Shand K.C. (with him Garland), for the respondent,
Knox K.C., for the appellants,
The judgment of the Court was delivered by Griffith C.J.
Griffith C.J.
Barton and O'Connor JJ.
We do not think that the decision in Musgrove v. McDonald[1] covers the present case. That turned entirely on the Constitution. The Judiciary Act 1903 defines the word "appeal," as used in that Act, as including "an application for a new trial and any proceeding to review or call in question the proceedings decision or jurisdiction of any Court or Judge." Section 39 is the section under which the Supreme Court in this case exercised jurisdiction. In passing that section Parliament assumed to act under sec. 77 of the Constitution, which authorized Parliament to make laws investing any Court of a State with federal jurisdiction, and defining the extent to which the jurisdiction of any federal Court shall be exclusive of that which belongs to or is vested in any Courts of the States.
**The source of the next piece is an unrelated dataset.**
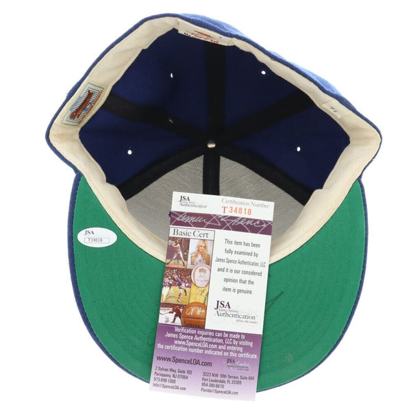 New Era Los Angeles Dodgers logo fitted hat, size 7 1/8, has been hand-signed by Steve Garvey. Please note the hat has some dirt stuck to it, see photos for details.The lot / autograph(s) includes an official James Spence Authentication (JSA) hologram and matching COA for authenticity purposes.Authentication: JSA COA
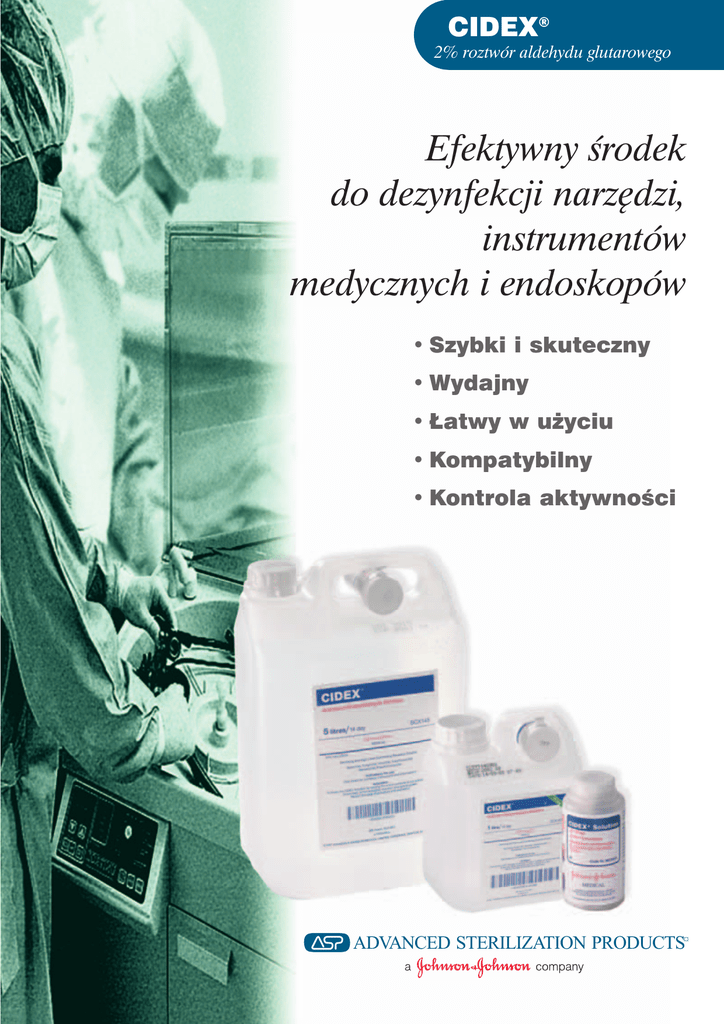 CIDEX® 2% roztwór aldehydu glutarowego Efektywny Êrodek do dezynfekcji narz´dzi, instrumentów medycznych i endoskopów • Szybki i skuteczny • Wydajny • ¸atwy w u˝yciu • Kompatybilny • Kontrola aktywnoÊci ADVANCED STERILIZATION PRODUCTS¤ CIDEX® Solutions 2% Liquid roztwówDisinfectant aldehydu glutarowego Szybki i skuteczny Êrodek do dezynfekcji narz´dzi, instrumentów medycznych i endoskopów CIDEX jest 2% roztworem aldehydu glutarowego przeznaczonym do dezynfekcji wysokiego stopnia. Mo˝e byç stosowany wsz´dzie tam, gdzie sterylizacja termiczna jest niemo˝liwa. CIDEX jest niezwykle skutecznym i szybkim preparatem. Ju˝ w ciàgu 20 min. likwiduje bakterie, grzyby, wirusy (HBV, HIV) i pràtki gruêlicy. Dzia∏anie sporobójcze w roztworze CIDEX wymaga moczenia sprz´tu medycznego przez 10 godzin. Wydajny Roztwór CIDEX-u zachowuje skutecznoÊç dzia∏ania w ciàgu 14 dni od momentu aktywacji. W tym czasie mo˝liwa jest wielokrotna dezynfekcja endoskopów i innych instrumentów medycznych. ¸atwy w u˝yciu CIDEX jest preparatem wyjàtkowo prostym w przygotowaniu. Nale˝y wsypaç zawartoÊç za∏àczonego aktywatora do pojemnika z CIDEX-em i potrzàsnàç. Roztwór zabarwi si´ na zielono i jest gotowy do u˝ycia. Kompatybilny z endoskopami i innymi urzàdzeniami medycznymi Na podstawie przeprowadzonych badaƒ stwierdzono, ˝e CIDEX mo˝e byç stosowany do dezynfekcji narz´dzi, sprz´tu medycznego i endoskopów produkowanych m.in. przez: •Olympus •Pentax •Acuson •Karl Storz Niezwyk∏a kompatybilnoÊç roztworu CIDEX z materia∏ami stosowanymi w konstrukcji endoskopów zapewnia pe∏ne bezpieczeƒstwo tym delikatnym narz´dziom. Nie wykazano tak˝e negatywnego wp∏ywu Êrodka na: •Metale •Tworzywa sztuczne •Elastomery •Szk∏o •Kleje •Materia∏y stomatologiczne Dane techniczne • Przygotowanie roztworu Wsypaç zawartoÊç aktywatora do pojemnika z Cidexem i potrzàsnàç. Preparat zabarwi si´ na zielono. Jest aktywny i gotowy do u˝ytku. • St´˝enie substancji czynnej 2% roztwór aldehydu glutarowego • Przeznaczenie Dezynfekcja wysokiego stopnia • Okres przydatnoÊci do u˝ycia 14 dni po sprawdzeniu aktywnoÊci testami paskowymi Cidex Test Strip • Okres przechowywania 2 lata • Gospodarka odpadami Usuwaç zgodnie z obowiàzujàcymi przepisami Kontrola aktywnoÊci CIDEX zachowuje w∏aÊciwoÊci dezynfekujàce przez 14 dni. Do kontroli aktywnoÊci roztworu nale˝y u˝ywaç testów paskowych. Zmiana zabarwienia wskaênika na kolor malinowy Êwiadczy o aktywnoÊci preparatu. Produkt Kod Jednostka sprzeda˝y CIDEX MCX006 4 x 1 litr CIDEX MCX007 4 x 5 litrów SMC001 12 x 60 sztuk TEST PASKOWY ® Trademark ADVANCED STERILIZATION PRODUCTS¤ Johnson & Johnson Poland Sp. z o.o. ul. Szyszkowa 20, 02-285 Warszawa tel. (022) 668 00 00 fax (022) 668 00 01 Dzia∏ Obs∏ugi Klienta: tel. (022) 668 00 07, fax (022) 668 00 15; e-mail: [email protected] Dzia∏ Marketingu: tel. (022) 668 00 63, fax (022) 668 00 55

By sec. 39 the legislature conferred upon State Courts power to exercise this particular branch of federal jurisdiction, subject to certain conditions. One of those conditions is, for the purpose of the present case, (reading the word appeal in the sense of the definition), that the decision "shall be final and conclusive except so far as an application for a new trial may be brought to the High Court:" Sec. 39 (2) (a). In the same Act we find careful provisions for the making of such appeals and for the Constitution of the High Court before which they come. By the High Court Procedure Act 1903, which was passed at the same time, careful provision is made for regulating the procedure in such applications. Under these circumstances we are of opinion that the High Court has power to make an order directing a new trial, after a verdict of a jury in the Supreme Court exercising this delegated federal jurisdiction under sec. 39 of the Judiciary Act 1903.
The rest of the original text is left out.